Java Language Strings


Strings (java.lang.String) are pieces of text stored in your program. Strings are not a primitive data type in Java, however, they are very common in Java programs.

In Java, Strings are immutable, meaning that they cannot be changed. (Click here for a more thorough explanation of immutability.)


Since Java strings are immutable, all methods which manipulate a String will return a new String object. They do not change the original String. This includes to substring and replacement methods that C and C++ programers would expect to mutate the target String object.

Use a StringBuilder instead of String if you want to concatenate more than two String objects whose values cannot be determined at compile-time. This technique is more performant than creating new String objects and concatenating them because StringBuilder is mutable.

StringBuffer can also be used to concatenate String objects. However, this class is less performant because it is designed to be thread-safe, and acquires a mutex before each operation. Since you almost never need thread-safety when concatenating strings, it is best to use StringBuilder.

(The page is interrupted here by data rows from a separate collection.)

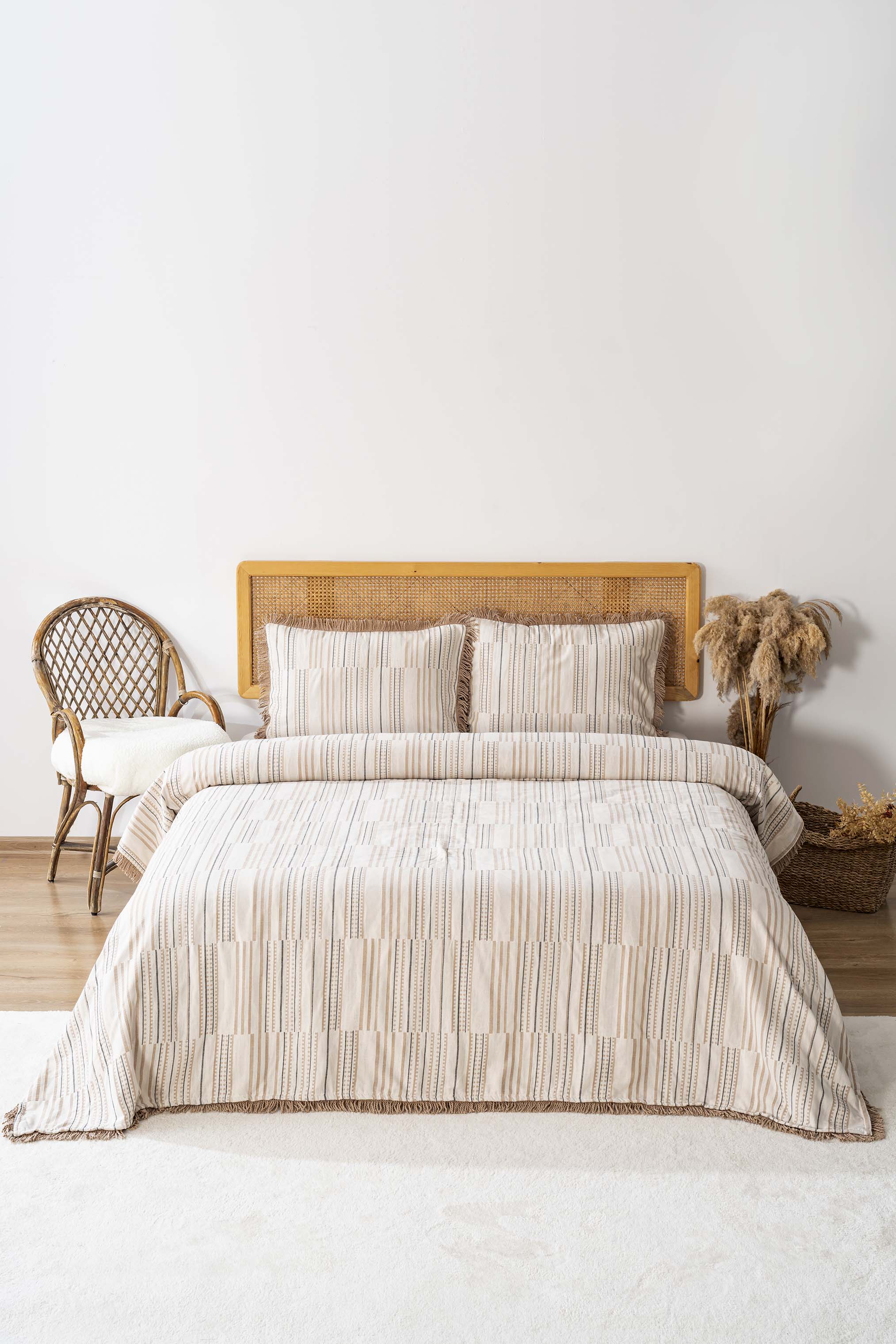 Lia Beige Double Bed Tasselled Bedspread Set consists of 3 pieces.
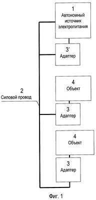 2. Устройство управления системой объектов, содержащее соединенный с автономным источником электропитания силовой провод, адаптеры, подключенные между силовым проводом и объектами, образующие с объектами контуры управления и выполненные программируемыми с возможностью синхронизации приема информации, отличающееся тем, что силовой провод одновременно служит для передачи информации, адаптеры выполнены с возможностью учета помех, адаптер, подключенный между силовым проводом и автономным источником электропитания, выполнен по п.1 формулы и с возможностью синхронизации передачи информации между остальными адаптерами с учетом моментов возникновения помех и регулирования напряжения электропитания.
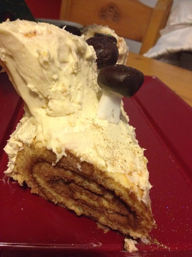 Forrar todo con el ganache y poner las esquinas que había cortado por encima simulando un tronco.
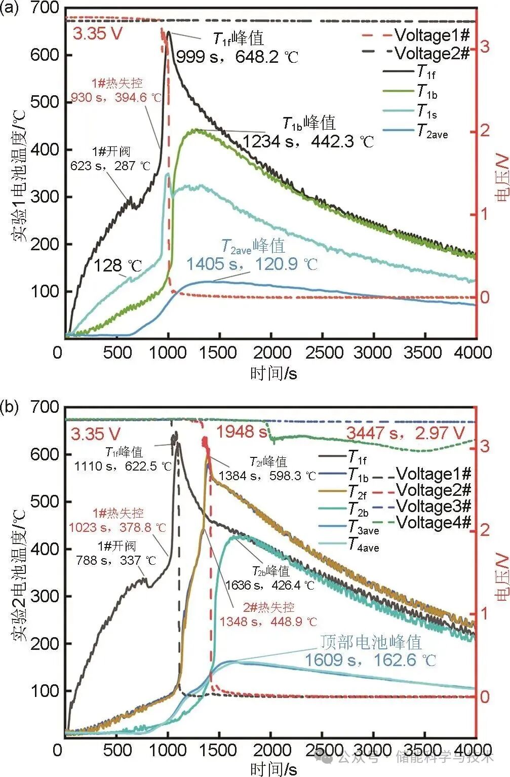 圖6(b)展示了實(shí)驗(yàn)2中各節(jié)電池的溫度變化。1#電池于788 s發(fā)生開(kāi)閥,此時(shí)正面(加熱面)溫度T1f為337 ℃,當(dāng)加熱過(guò)程進(jìn)行到1023 s,1#電池發(fā)生熱失控,此時(shí)T1f為378.8 ℃,并于1110 s達(dá)到峰值622.5 ℃。1348s時(shí)2#電池發(fā)生熱失控,此時(shí)T2f為448.9 ℃,并于1384 s達(dá)到峰值598.3 ℃。T2b于1636 s達(dá)到峰值426.4 ℃,整個(gè)熱失控過(guò)程持續(xù)了613 s,1#與2#的熱蔓延時(shí)間間隔為325 s。圖6(b)中記錄了頂部3#電池和4#電池的平均溫度T3ave和T4ave,2條溫度曲線幾乎重合,說(shuō)明底部電池對(duì)頂部電池的加熱效應(yīng)是幾乎相同的,頂部2節(jié)電池的平均溫度于1609 s達(dá)到峰值162.6 ℃。整個(gè)過(guò)程中,1#電池與2#電池的電壓在熱失控時(shí)從3.35 V驟降到1 V以下,3#電池電壓一直沒(méi)有發(fā)生波動(dòng),而4#電池的電壓在1948 s時(shí)發(fā)生下降,于3447 s降低至2.97 V后發(fā)生回升,這是由于電池受到加熱發(fā)生局部?jī)?nèi)短路,但后續(xù)失去了加熱源,并受到熱對(duì)流和熱輻射的散熱影響,局部?jī)?nèi)短路停止,沒(méi)有進(jìn)一步發(fā)生熱失控。
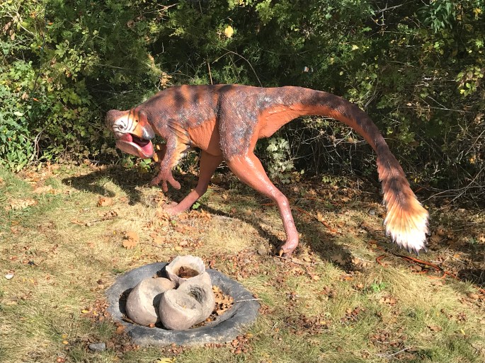 オヴィラプトル Oviraptor とダチョウかなにかの卵。
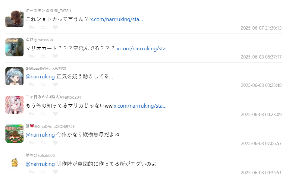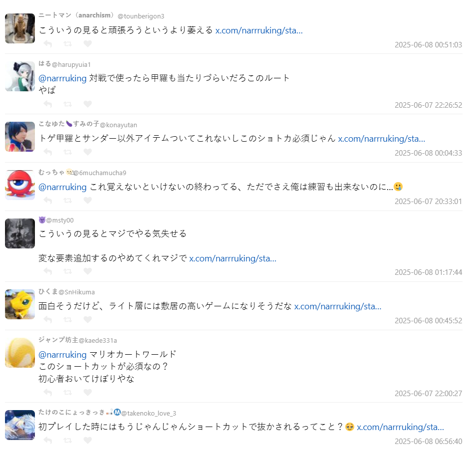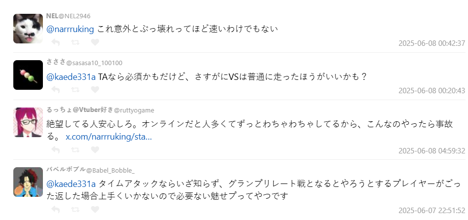 這樣的表現也引發抱怨,認為 : 「現在這些捷徑幾乎變成標配,普通路線根本贏不了」、「比的是誰記得更多花式操作,不是賽車技術」。還有人形容:「初次遊玩就會被這些神人捷徑輾過,真的會玩到想哭。」
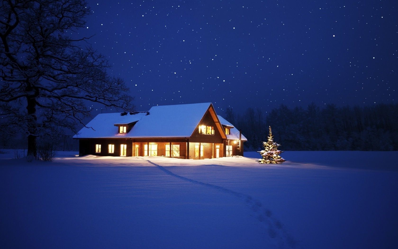 Casa en la noche en la nieve con un árbol de Navidad
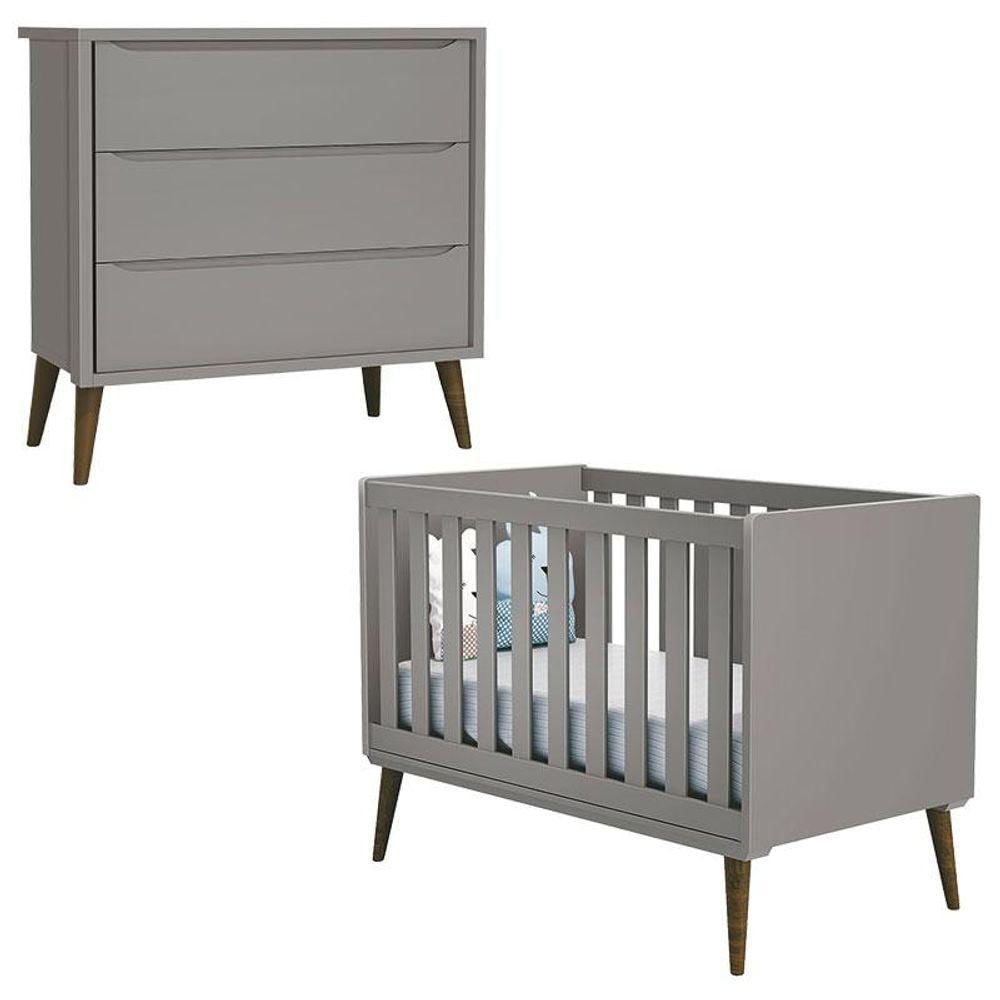Berço Americano E Cômoda Gaveteiro Infantil Theo Cinza Com Pés Amadeirado - Reller

If you can express a string concatenation as a single expression, then it is better to use the + operator. The Java compiler will convert an expression containing + concatenations into an efficient sequence of operations using either String.concat(...) or StringBuilder. The advice to use StringBuilder explicitly only applies when the concatenation involves a multiple expressions.

Don't store sensitive information in strings. If someone is able to obtain a memory dump of your running application, then they will be able to find all of the existing String objects and read their contents. This includes String objects that are unreachable and are awaiting garbage collection. If this is a concern, you will need to wipe sensitive string data as soon as you are done with it. You cannot do this with String objects since they are immutable. Therefore, it is advisable to use a char[] objects to hold sensitive character data, and wipe them (e.g. overwrite them with '\000' characters) when you are done.

All String instances are created on the heap, even instances that correspond to string literals. The special thing about string literals is that the JVM ensures that all literals that are equal (i.e. that consists of the same characters) are represented by a single String object (this behavior is specified in JLS). This is implemented by JVM class loaders. When a class loader loads a class, it scans for string literals that are used in the class definition, each time it sees one, it checks if there is already a record in the string pool for this literal (using the literal as a key). If there is already an entry for the literal, the reference to a String instance stored as the pair for that literal is used. Otherwise, a new String instance is created and a reference to the instance is stored for the literal (used as a key) in the string pool. (Also see string interning).

The string pool is held in the Java heap, and is subject to normal garbage collection.

Java SE 7

In releases of Java before Java 7, the string pool was held in a special part of the heap known as "PermGen". This part was only collected occasionally.

Java SE 7

In Java 7, the string pool was moved off from "PermGen".

Note that string literals are implicitly reachable from any method that uses them. This means that the corresponding String objects can only be garbage collected if the code itself is garbage collected.

Up until Java 8, String objects are implemented as a UTF-16 char array (2 bytes per char). There is a proposal in Java 9 to implement String as a byte array with an encoding flag field to note if the string is encoded as bytes (LATIN-1) or chars (UTF-16).